Our focus on gender starts innocently enough with gender reveal parties, “Daddy’s Little Princess” T-shirts for baby girls and bins full of trucks for toddler boys. But it continues as kids get older and begin to internalise how toys are marketed to a specific gender, how boys are pushed toward sports and girls are encouraged to take up ballet or music.
Kids take their cues from us and the world around them and those cues help them begin to categorise themselves and others. We can’t possibly avoid all of it, but there are some things parents can do — particularly while our kids are little — to influence how much they buy in to those norms.
Your words matter
Here’s an easy one to start with — when you’re talking about your child and other kids, swap out “girls” and “boys” whenever possible with “kids,” “friends” or “students.” To constantly categorise kids by gender is to give it inflated importance.

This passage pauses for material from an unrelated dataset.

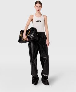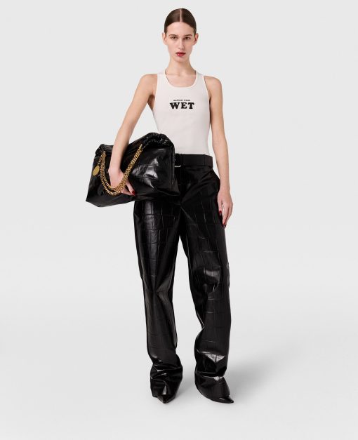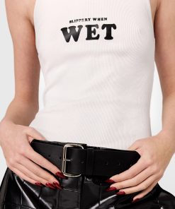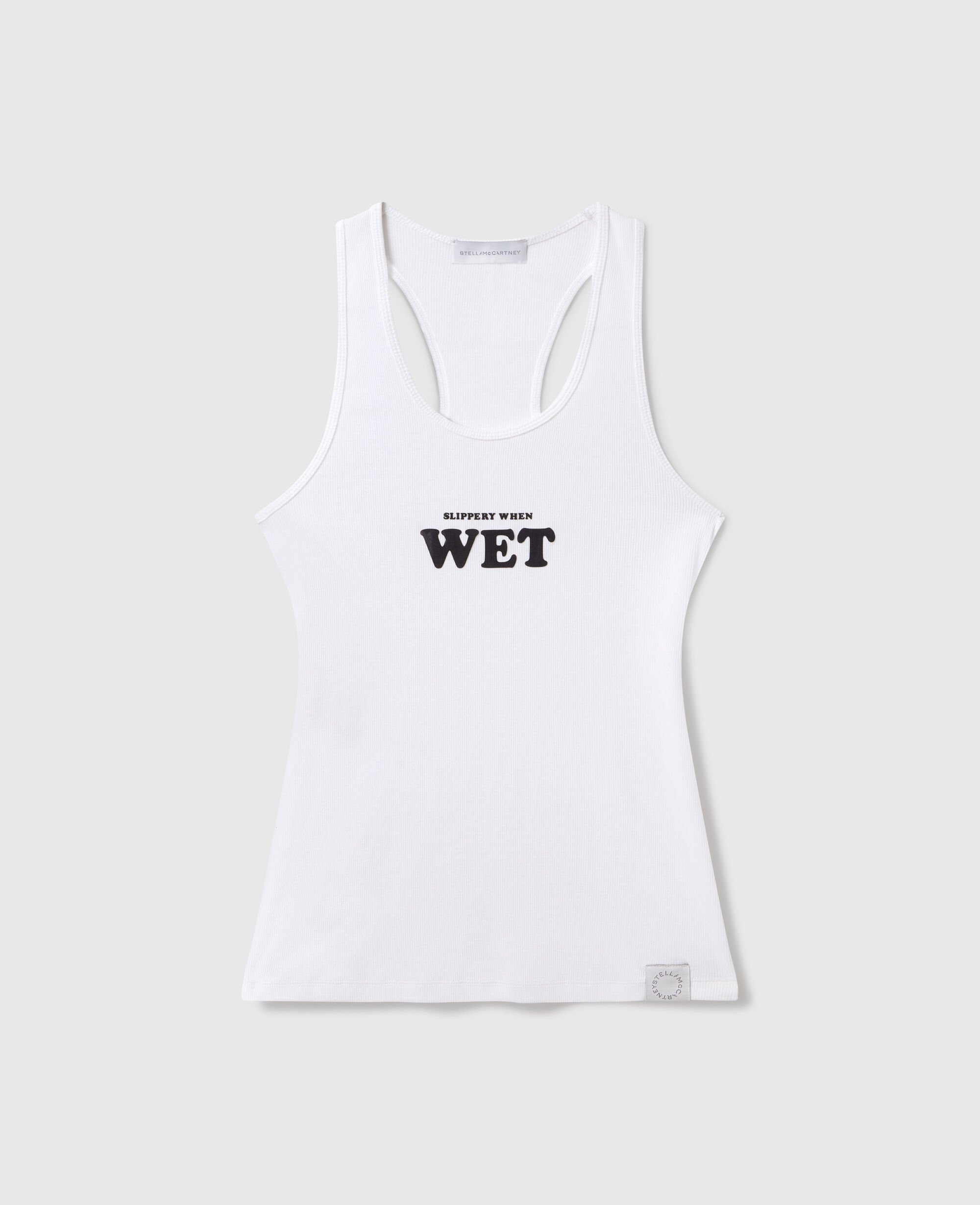 Spun from soft organic cotton jersey hugging closing to the body, this iconic Stella McCartney tank top is shaped to a classic racerback outline with Slippery When Wet on the front. It is printed in Algae Black™ by Living Ink, a carbon-negative, biobased black pigment repurposing algae waste.

That’s not to say you should never acknowledge gender or even point out when you see or hear something that reinforces stereotypes; you should. You might say things like, “Hm, I wonder why all the scientists in this story are boys,” which can get them thinking critically about how gender roles are depicted in books and shows. And when they bring stereotypes home from school — “pink is a girl colour” or “dinosaurs are for boys” — ask them if they can think of reasons why that might not be true. You might ask, “Don’t you know any boys who like pink?” or “Well, your cousin Emma loves dinosaurs, and she’s not a boy.”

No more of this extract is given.